James Hamilton is keynoting at SIGMOD Athens and his presentation description has some good ideas to think about.
Keynote 1: James Hamilton, Amazon Web Services
Internet Scale Storage
Abstract
The pace of innovation in data center design has been rapidly accelerating over the last five years, driven by the mega-service operators. I believe we have seen more infrastructure innovation in the last five years than we did in the previous fifteen. Most very large service operators have teams of experts focused on server design, data center power distribution and redundancy, mechanical designs, real estate acquisition, and network hardware and protocols. At low scale, with only a data or center or two, it would be crazy to have all these full time engineers and specialist focused on infrastructural improvements and expansion. But, at high scale with tens of data centers, it would be crazy not to invest deeply in advancing the state of the art.

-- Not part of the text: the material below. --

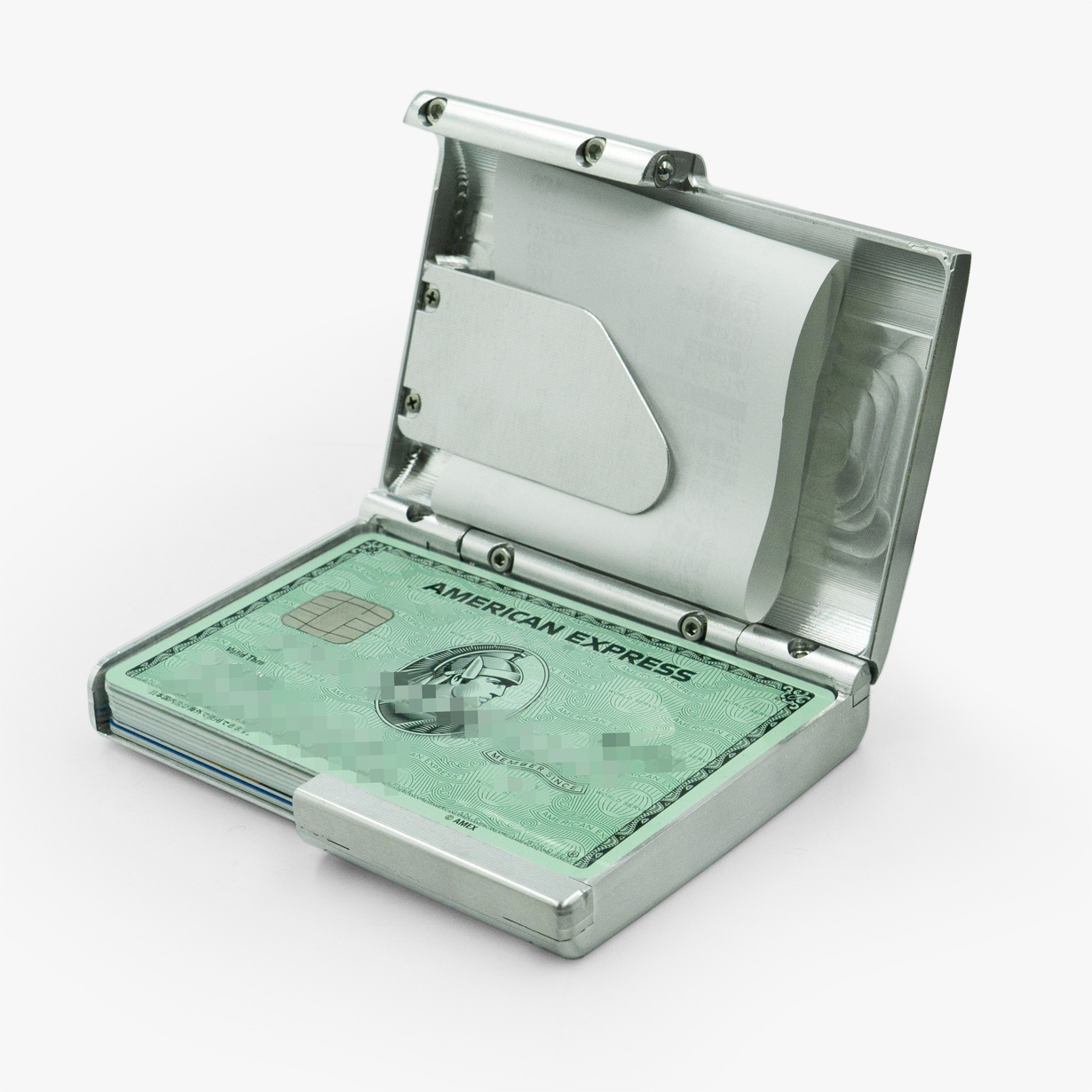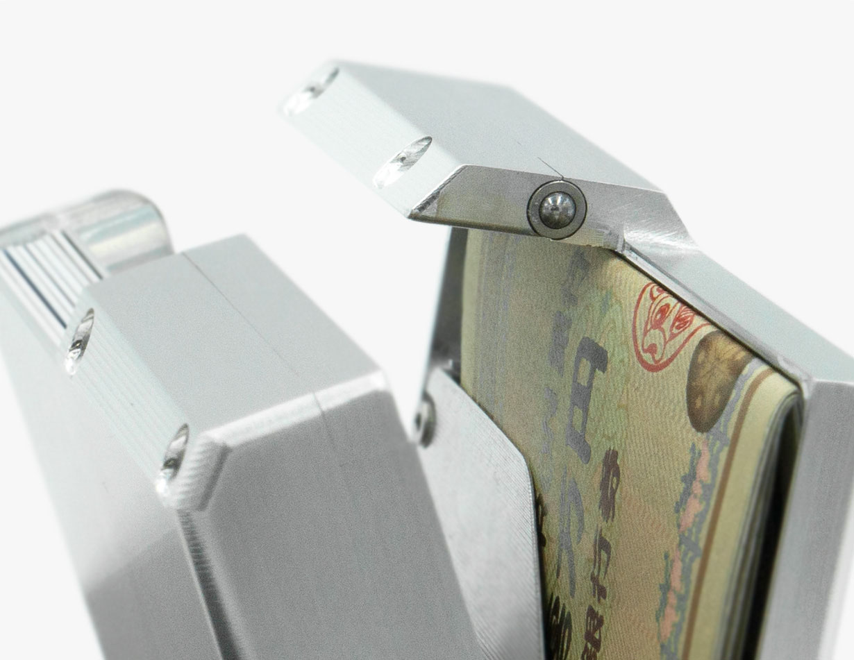 カード類はジュラルミン(アルミ合金)製のシェル(外殻)の中に完全に収納されるため、スキミング防止機能に優れています。 閉じた状態で全方向からカード類を守ります。

Looking specifically at cloud services, the cost of the infrastructure is the difference between an unsuccessful cloud service and a profitable, self-sustaining business. With continued innovation driving down infrastructure costs, investment capital is available, services can be added and improved, and value can be passed on to customers through price reductions. Amazon Web Services, for example, has had eleven price reductions in four years. I don’t recall that happening in my first twenty years working on enterprise software. It really is an exciting time in our industry.
Here is anther thing to keep in mind. From reading this statement it seems Amazon Web Services does not use blades. If Amazon has determined it shouldn’t use blades why should you?
· Datacenter Construction Costs
o Land: <2%
o Shell: 5 to 9%
o Architectural: 4 to 7%
o Mechanical & Electrical: 70 to 85%
· Summarizing the above list, we get 80% of the costs scaling with power consumption and 10 to 20% scaling with floor space. Reflect on that number and you’ll understand why I think the industry is nuts to be focusing on density. See Why Blade Servers Aren’t the Answer to All Questions for more detail on this point – I think it’s a particularly important one.
From 2008 James has discussed blades.
Summary so far: Blade servers allow for very high power density but they cost more than commodity, low power density servers. Why buy blades? They save space and there are legitimate reasons to locate data centers where the floor space is expensive. For those, more density is good. However, very few data center owners with expensive locations are able to credibly explain why all their servers NEED to be there. Many data centers are in poorly chosen locations driven by excessively manual procedures and the human need to see and touch that for which you paid over 100 million dollars. Put your servers where humans don’t want to be. Don’t worry, attrition won’t go up. Servers really don’t care about life style, how good the schools are, and related quality of life issues.
Here is a simple one liner.
Density is fine but don’t pay a premium for it unless there is a measurable gain and make sure that the gain can’t be achieved by cheaper means.